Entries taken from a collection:
————————

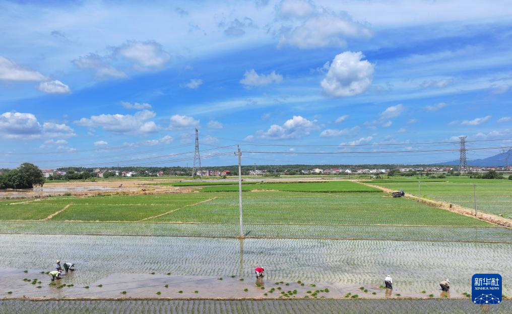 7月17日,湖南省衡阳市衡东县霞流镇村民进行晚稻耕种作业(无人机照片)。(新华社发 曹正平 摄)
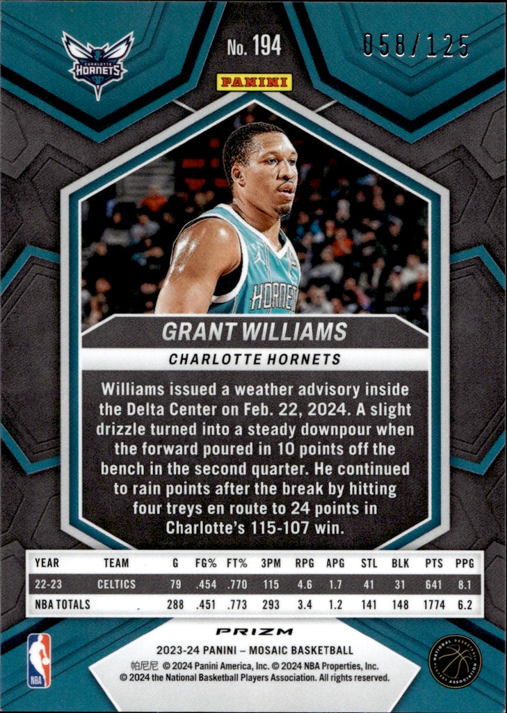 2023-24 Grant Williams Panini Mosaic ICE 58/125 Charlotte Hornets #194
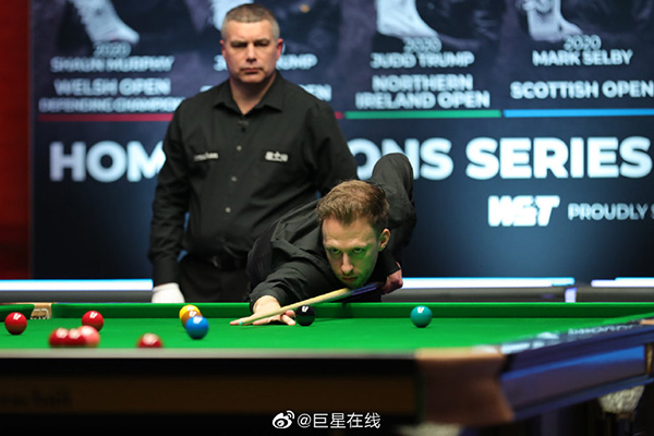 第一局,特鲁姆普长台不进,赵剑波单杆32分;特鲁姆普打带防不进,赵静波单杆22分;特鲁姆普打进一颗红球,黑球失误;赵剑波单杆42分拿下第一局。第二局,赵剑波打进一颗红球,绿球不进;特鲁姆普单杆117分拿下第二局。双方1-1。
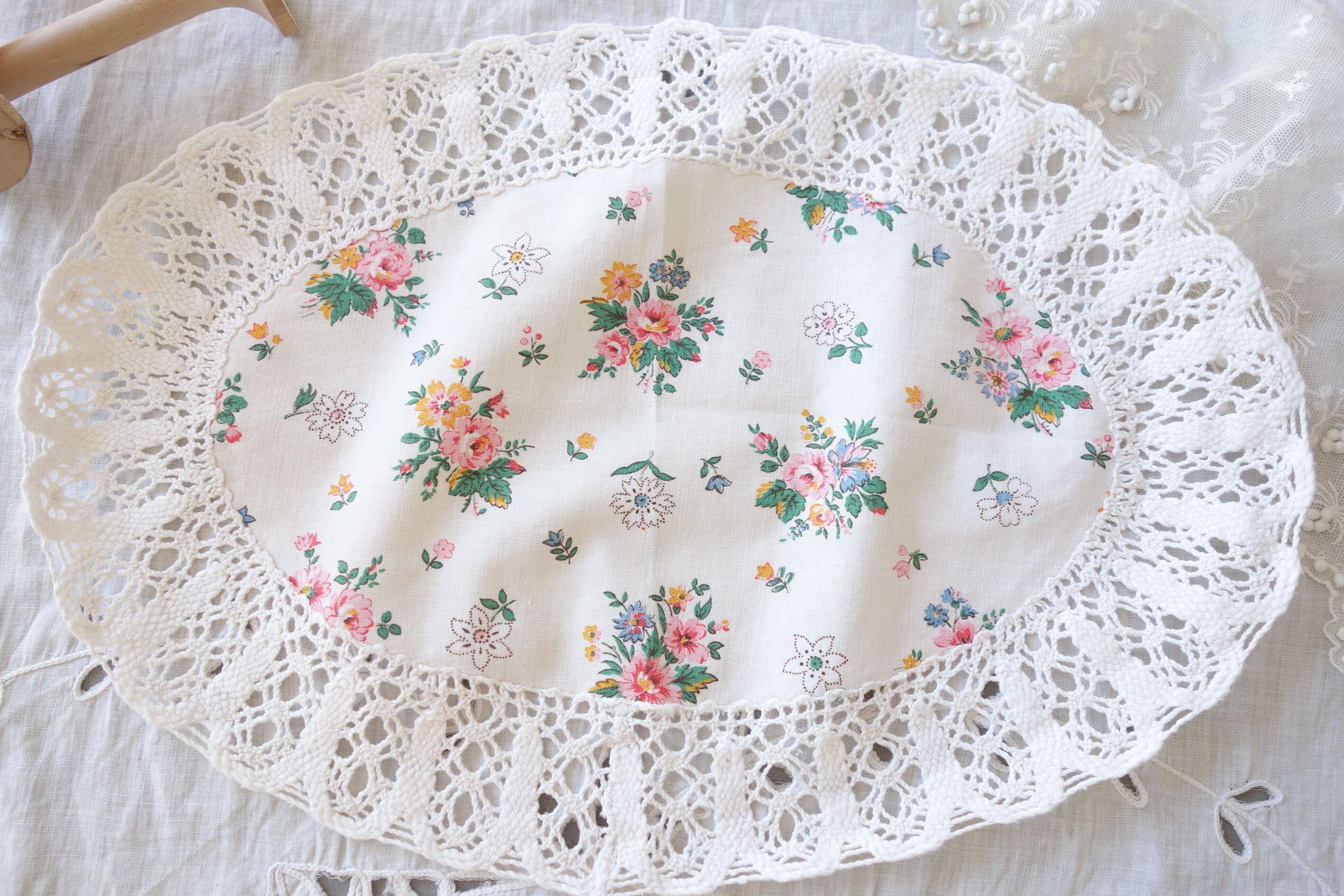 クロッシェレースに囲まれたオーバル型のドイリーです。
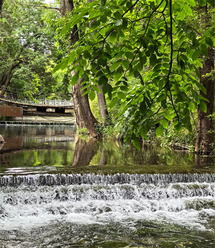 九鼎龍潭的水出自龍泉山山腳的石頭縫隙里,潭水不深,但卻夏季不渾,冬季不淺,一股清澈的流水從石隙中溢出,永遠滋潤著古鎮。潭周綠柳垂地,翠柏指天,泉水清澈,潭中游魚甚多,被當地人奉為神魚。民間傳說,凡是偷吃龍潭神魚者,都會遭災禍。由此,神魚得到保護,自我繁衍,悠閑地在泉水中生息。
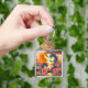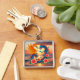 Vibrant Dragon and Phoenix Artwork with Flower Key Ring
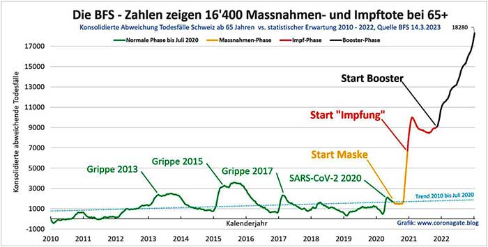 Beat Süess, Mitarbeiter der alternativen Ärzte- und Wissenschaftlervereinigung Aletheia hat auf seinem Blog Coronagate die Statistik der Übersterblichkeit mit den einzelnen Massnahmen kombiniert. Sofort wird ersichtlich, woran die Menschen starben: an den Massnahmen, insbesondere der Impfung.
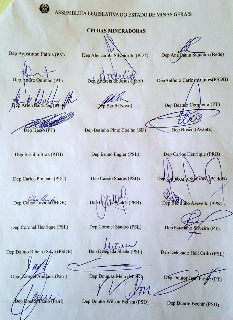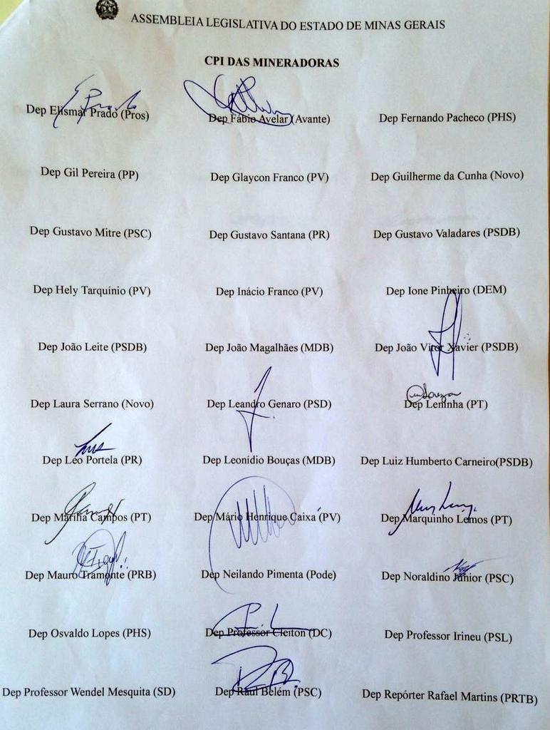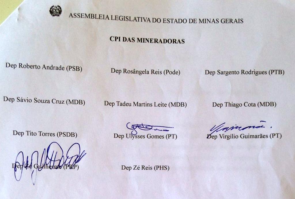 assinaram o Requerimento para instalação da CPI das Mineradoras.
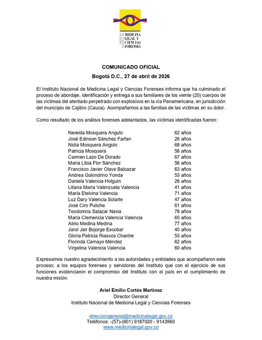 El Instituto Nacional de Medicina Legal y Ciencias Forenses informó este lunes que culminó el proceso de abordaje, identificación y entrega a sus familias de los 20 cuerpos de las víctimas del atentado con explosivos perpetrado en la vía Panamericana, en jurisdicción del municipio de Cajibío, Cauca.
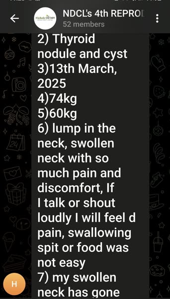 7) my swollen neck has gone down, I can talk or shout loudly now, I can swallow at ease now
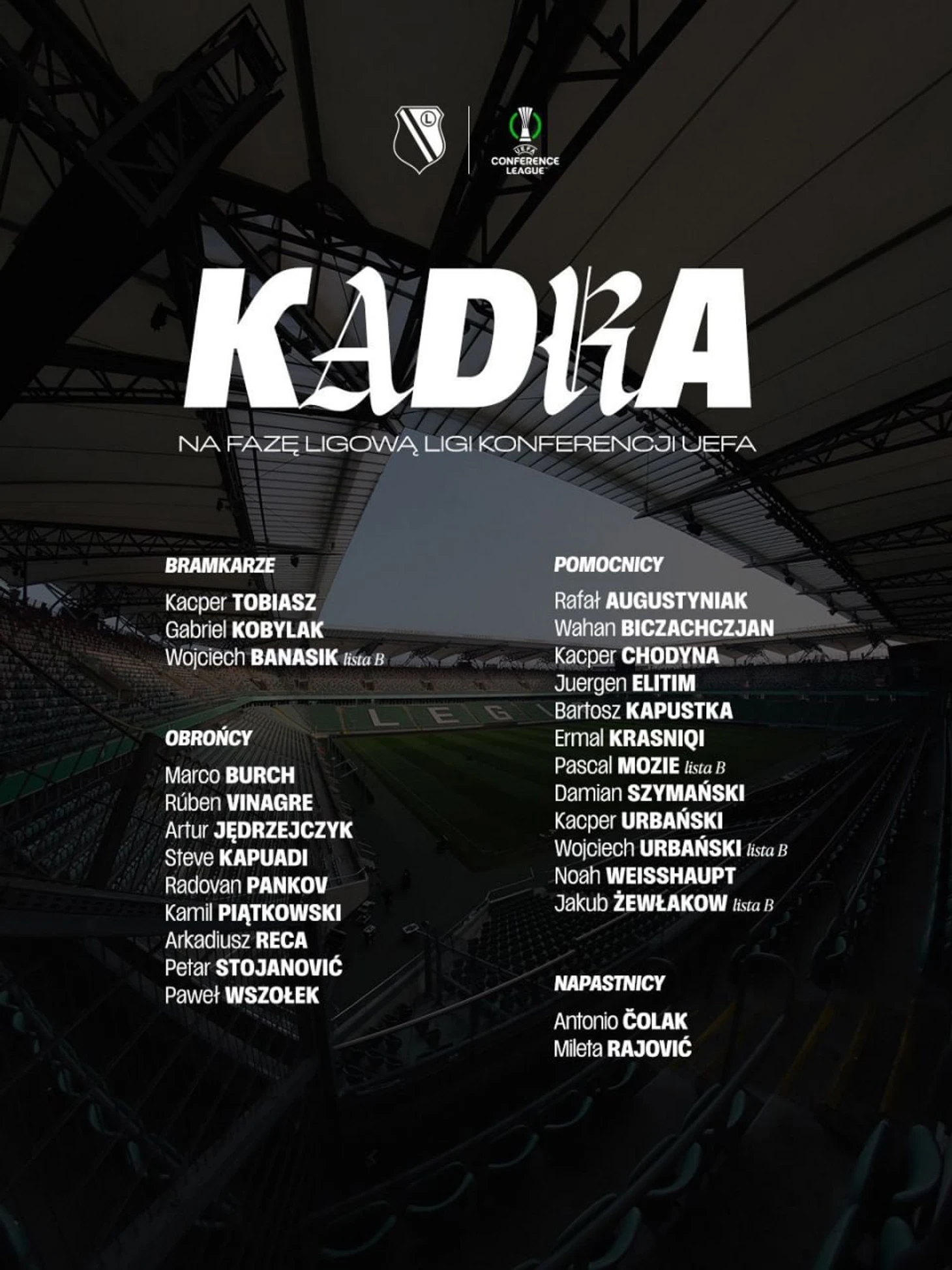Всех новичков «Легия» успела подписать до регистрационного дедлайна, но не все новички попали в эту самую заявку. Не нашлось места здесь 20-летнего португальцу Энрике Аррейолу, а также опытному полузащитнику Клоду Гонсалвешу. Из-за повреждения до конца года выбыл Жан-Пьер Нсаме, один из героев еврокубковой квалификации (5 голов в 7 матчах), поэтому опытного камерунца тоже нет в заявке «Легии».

————————

REQUIRED WORK:
Write all the entries again word for word, minus the pictures.

ANSWER BELOW:
 7月17日,湖南省衡阳市衡东县霞流镇村民进行晚稻耕种作业(无人机照片)。(新华社发 曹正平 摄)
 2023-24 Grant Williams Panini Mosaic ICE 58/125 Charlotte Hornets #194
 第一局,特鲁姆普长台不进,赵剑波单杆32分;特鲁姆普打带防不进,赵静波单杆22分;特鲁姆普打进一颗红球,黑球失误;赵剑波单杆42分拿下第一局。第二局,赵剑波打进一颗红球,绿球不进;特鲁姆普单杆117分拿下第二局。双方1-1。
 クロッシェレースに囲まれたオーバル型のドイリーです。
 九鼎龍潭的水出自龍泉山山腳的石頭縫隙里,潭水不深,但卻夏季不渾,冬季不淺,一股清澈的流水從石隙中溢出,永遠滋潤著古鎮。潭周綠柳垂地,翠柏指天,泉水清澈,潭中游魚甚多,被當地人奉為神魚。民間傳說,凡是偷吃龍潭神魚者,都會遭災禍。由此,神魚得到保護,自我繁衍,悠閑地在泉水中生息。
 Vibrant Dragon and Phoenix Artwork with Flower Key Ring
 Beat Süess, Mitarbeiter der alternativen Ärzte- und Wissenschaftlervereinigung Aletheia hat auf seinem Blog Coronagate die Statistik der Übersterblichkeit mit den einzelnen Massnahmen kombiniert. Sofort wird ersichtlich, woran die Menschen starben: an den Massnahmen, insbesondere der Impfung.
 assinaram o Requerimento para instalação da CPI das Mineradoras.
 El Instituto Nacional de Medicina Legal y Ciencias Forenses informó este lunes que culminó el proceso de abordaje, identificación y entrega a sus familias de los 20 cuerpos de las víctimas del atentado con explosivos perpetrado en la vía Panamericana, en jurisdicción del municipio de Cajibío, Cauca.
 7) my swollen neck has gone down, I can talk or shout loudly now, I can swallow at ease now
Всех новичков «Легия» успела подписать до регистрационного дедлайна, но не все новички попали в эту самую заявку. Не нашлось места здесь 20-летнего португальцу Энрике Аррейолу, а также опытному полузащитнику Клоду Гонсалвешу. Из-за повреждения до конца года выбыл Жан-Пьер Нсаме, один из героев еврокубковой квалификации (5 голов в 7 матчах), поэтому опытного камерунца тоже нет в заявке «Легии».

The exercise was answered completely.